彼は医科大学在籍中にJulius Uffelmann著“Handbuch der privaten und öffentlichen Hygiene des Kindes zum Gebrauche für Studirende, Ärzte, Sanitätsbeamte und Pädagogen. Leipzig 1881(「医学生、健康管理者、教師のための、子供の家庭および公衆における衛生ハンドブック」)を翻訳し、1894年(明治27年)に完成して出版しました。ウッヘルマンは当時ドイツのロストック大学医学部の教授でした。この本は近代デジタルライブラリー(http://kindai.ndl.go.jp/info:ndljp/pid/835471/144)で読めます。
『育児の心得』は、これを基礎として彼の臨床医としての経験を加えて書かれたものです。
この本の見開きには、次のような墨跡が掲載されています。
福島県三春町福聚寺の住職、玄侑宗久和尚によれば、これは、「人を重んずる(または貴ぶ)こと、躬の如くせよ」つまり、「我が身を大切にするように、人を大切にせよ」という意味だそうです。つまり、育児書を記すについて、医者としての姿勢を示したのでしょう。
この墨跡の作者は雅号、松香から長與專齋とわかり、現在の日本公衆衛生協会の前身の大日本私立衛生会を興した医師の一人で、当時医学界や衛生行政の重鎮であり、種痘の普及に大きな功績があった人物だそうです。
この育児書が書かれたのは日露戦争の直前で、世は富国強兵の号令の下、国家や、家長に人々は絶対服従が求められ、一般国民の基本的人権が保障されていない時代であり、女性も嫁として家庭に入り嫡子を産むこと(だけ)が国家や家のための主な使命だと考えられていたかもしれない時代です。
亘は幼いころより儒教思想の影響のもと、忠君愛国の教育を受けてきたために、この育児書で使われる用語や表現も、今日にはふさわしくないものも多々あります。しかし、育児の本来の役割は、政治情勢や社会環境で変わるものではなく、医学的なアドバイスは今でも役に立つ部分も多いので、ここでは育児の本質が用語や表現によって誤解されないように今の言葉や考え方に読み替えながらも、できるだけ当時の空気も残すように意訳しました。
当時と比較すると現代は、科学や技術の飛躍的な進歩によって医学の知識や医療技術が格段に深まり、薬剤の種類も多種多様になっています。また医療関係者の教育制度や医療制度も全く当時とは違います。そのお陰もあって平均寿命も長くなり、100歳を超える人の数も驚くほど多くなりました。

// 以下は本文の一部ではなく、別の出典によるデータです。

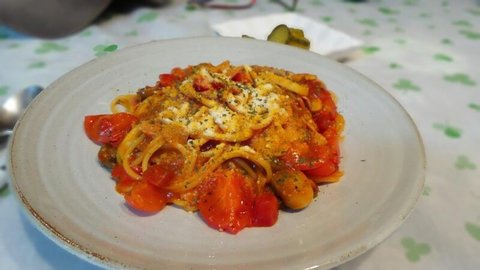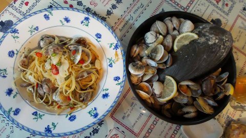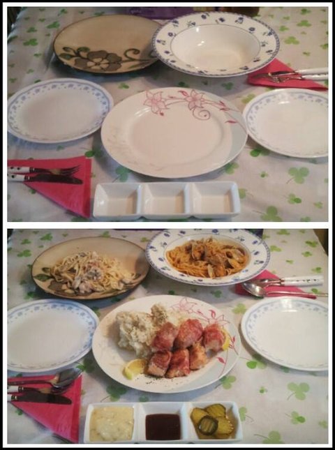 어느 날 친구를 초대해서 식사대접을 했는데 그 친구가 이렇게 찍어서.. 특별한 연출을 했네요ㅋㅋ 핫봉골레+크림파스타 / 스테이크소스와 홈메이드 갈릭마요소스를 곁들인 연어스테이크, 매쉬드 포테이토
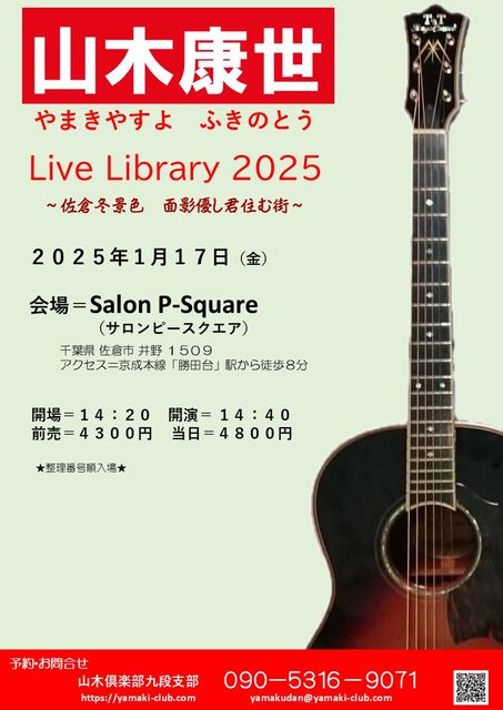 「山木康世 Live Library 2025」 〜佐倉冬景色 面影優し君住む街〜 会場=Salon P-Square(サロンピースクエア) https://p-square.myds.me/ 千葉県 佐倉市 井野 1509 アクセス=京成本線「勝田台」駅から徒歩8分 開場14:20 開演14:40 前売4300円 当日4800円 ★整理番号順入場★ 予約・問合せ 山木倶楽部九段支部 090-5316-9071 yamakudan@yamaki-club.com

しかし、一方では、経済を最重点に据える政治や産業界の影響を医学界も強く受けて、小児や若者を取り巻く医療環境はかえって悪化して、上の墨跡の視点との乖離は大きくなり続けているともいえます。これを改善するためには、医療の原点にたち戻って、医療関係者はもとより、社会全体の意識改革が望まれるように思えます。
この育児書は、今とは比較にならない不十分な医療環境のもとで、小児医療に専念した一人の医師の熱意や意志の記録だけではなく、時代を超えて誰でもが知っておいてよい最低限の知恵を知る資料としても役に立つのではないでしょうか。